CUDAMemoryUnload[in];
CUDAMemoryUnload[out];
0.27297 seconds! for a quantity of 10^8
.
Let's try a quantity of 10^9
, but we need to change our data type from unsigned int
, as the result will overflow its range (0 to 4,294,967,295).
atomicAdd
only supports unsigned int
and unsigned long long
.
With the extended range of unsigned long long
(0 to 18,446,744,073,709,551,615), we should handle the sum correctly.
`Needs["CUDALink`"]
cudaDigitSumsTotalExtendCode = "
__global__ void cudaDigitSum(unsigned int* in, unsigned long long * out) {
int index = threadIdx.x + blockIdx.x * blockDim.x;
unsigned int n = in[index];
unsigned long long sum = 0;
while (n > 0) {
sum += n % 10;
n /= 10;
}
atomicAdd(out, sum);
}
";
cudaDigitSumsTotalExtend = CUDAFunctionLoad[cudaDigitSumsTotalExtendCode,
"cudaDigitSum", {{"UnsignedInteger32", "Input"}, {"Integer64", "Output"
}}, 1024];
in = CUDAMemoryLoad[Range[10^9], "UnsignedInteger32"];
out = CUDAMemoryLoad[{0}, "Integer64"];
AbsoluteTiming[
cudaDigitSumsTotalExtend[in, out];
CUDAMemoryGet[out]
]
CUDAMemoryUnload[in];
CUDAMemoryUnload[out];
{2.73938, {40500000001}}
2.7 seconds. This is where we end up.
Let's do a quick review. Compared to the initial native approach, which took 12 seconds for
n = 10^6
, we've now reached 2.7 seconds for n = 10^9
. That's more than 4,000 times faster, without changing the algorithm itself at all.
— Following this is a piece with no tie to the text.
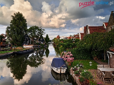 Łódki, Miasto Edam, Holandia, Kanał wodny, Domy, Rzeka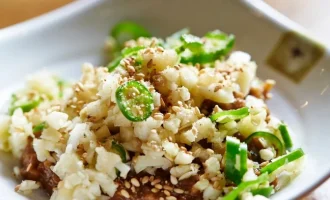 - 2-3 قاشق غذاخوری آب اضافه کنید. ظرف باید با فیلم چسبناک یا درب مخصوصی که سوراخی برای خروج بخار دارد پوشانده شود.

In conclusion, we've journeyed from a straightforward but inefficient C-style solution to a highly optimized CUDA implementation, achieving a remarkable 4000x speedup. By maintaining a consistent digit-summing algorithm throughout, we've clearly demonstrated the profound impact of various optimization techniques. Functional programming, kernel parallelization, function compilation with optimization, and CUDA GPU acceleration, when strategically applied, can unlock the true potential of Mathematica for computationally intensive tasks. I hope this exploration has provided valuable insights and inspires you to optimize your own code. Thank you for joining me on this journey.